PROBLEM TO WORK ON:
In your copy, repeat each record exactly and include no pictures.

+===+

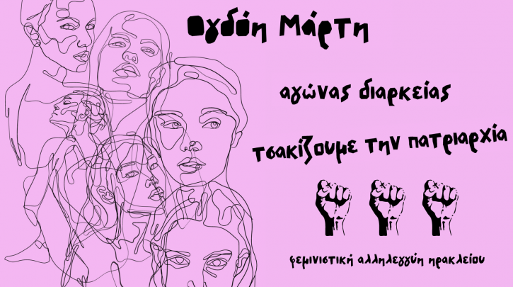Καλούμε όλες τις θηλυκότητες, και τους συμμάχους μας σε έναν διαρκή αγώνα ενάντια στην πατριαρχία, και συμμετέχουμε στην απεργία της 8ης Μάρτη, με συγκέντρωση στα Λιοντάρια στη 13:00 το μεσημέρι, τηρώντας όλα τα μέτρα υγειονομικής προστασίας.
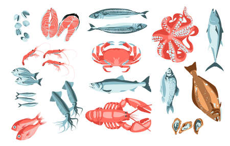 Fresh fishes and marine creatures set. Organic natural healthy nutritious seafood. Restaurant menu, fish market design cartoon vector illustration isolated on white background
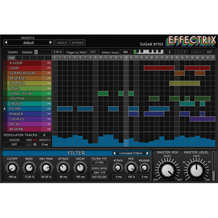 Effectrix is the perfect tool for sequenced sound manipulations. Tweak your beats, create new rhythms, reverse parts, stretch others, apply delaylines; even create melodies with atonal material. If you like, do it all at once! Have it your way with 14 Candy Effects of Sugar Bytes latest Bang Effectrix, each one providing its own step sequencer and two modulation-sequencers.
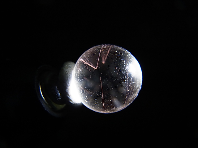 水晶(丸玉加工)の内部に非常に希なティンダルエフェクト(チンダル効果)現象の
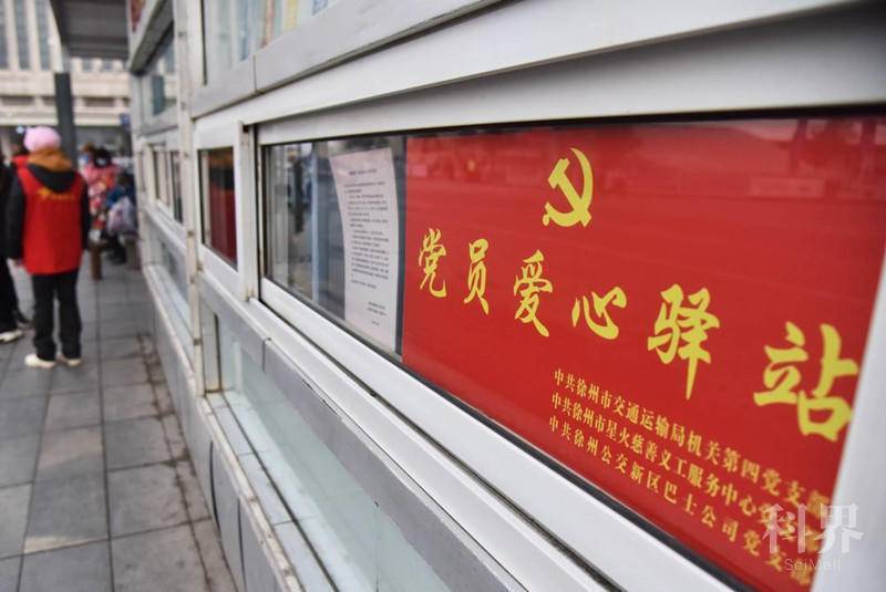 徐州火车站11路公交总站,设立了党员爱心驿站。
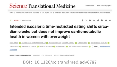 然而,一项发表于Science Translational Medicine的研究[1]却猝不及防地扫了兴。研究发现,在摄入的热量保持不变的前提下,仅限制进食的时间并不能改善胰岛素敏感性,也无法提升心血管代谢健康。
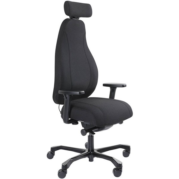 SERATI HIGH BACK CHAIR PRO-CONTROL SYNCHRO 3-D HEADREST ADJUSTABLE ARMREST BLACK ALUMINIUM BASE FOOTPLATES GABRIEL BLACK FABRIC
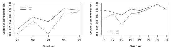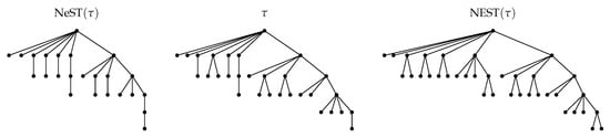 where stands for Zhang’s edit distance []. In [] (Equation (6)), the degree of self-nestedness of a plant is defined as in (7) but normalizing by the number of nodes of the NEST and not the size of the initial data, which avoids the indicator to be negative. In the present paper, we prefer normalizing by the number of nodes of to obtain the following comparable self-nestedness measure based on the calculation of ,

+===+

SOLUTION:
Καλούμε όλες τις θηλυκότητες, και τους συμμάχους μας σε έναν διαρκή αγώνα ενάντια στην πατριαρχία, και συμμετέχουμε στην απεργία της 8ης Μάρτη, με συγκέντρωση στα Λιοντάρια στη 13:00 το μεσημέρι, τηρώντας όλα τα μέτρα υγειονομικής προστασίας.
 Fresh fishes and marine creatures set. Organic natural healthy nutritious seafood. Restaurant menu, fish market design cartoon vector illustration isolated on white background
 Effectrix is the perfect tool for sequenced sound manipulations. Tweak your beats, create new rhythms, reverse parts, stretch others, apply delaylines; even create melodies with atonal material. If you like, do it all at once! Have it your way with 14 Candy Effects of Sugar Bytes latest Bang Effectrix, each one providing its own step sequencer and two modulation-sequencers.
 水晶(丸玉加工)の内部に非常に希なティンダルエフェクト(チンダル効果)現象の
 徐州火车站11路公交总站,设立了党员爱心驿站。
 然而,一项发表于Science Translational Medicine的研究[1]却猝不及防地扫了兴。研究发现,在摄入的热量保持不变的前提下,仅限制进食的时间并不能改善胰岛素敏感性,也无法提升心血管代谢健康。
 SERATI HIGH BACK CHAIR PRO-CONTROL SYNCHRO 3-D HEADREST ADJUSTABLE ARMREST BLACK ALUMINIUM BASE FOOTPLATES GABRIEL BLACK FABRIC
 where stands for Zhang’s edit distance []. In [] (Equation (6)), the degree of self-nestedness of a plant is defined as in (7) but normalizing by the number of nodes of the NEST and not the size of the initial data, which avoids the indicator to be negative. In the present paper, we prefer normalizing by the number of nodes of to obtain the following comparable self-nestedness measure based on the calculation of ,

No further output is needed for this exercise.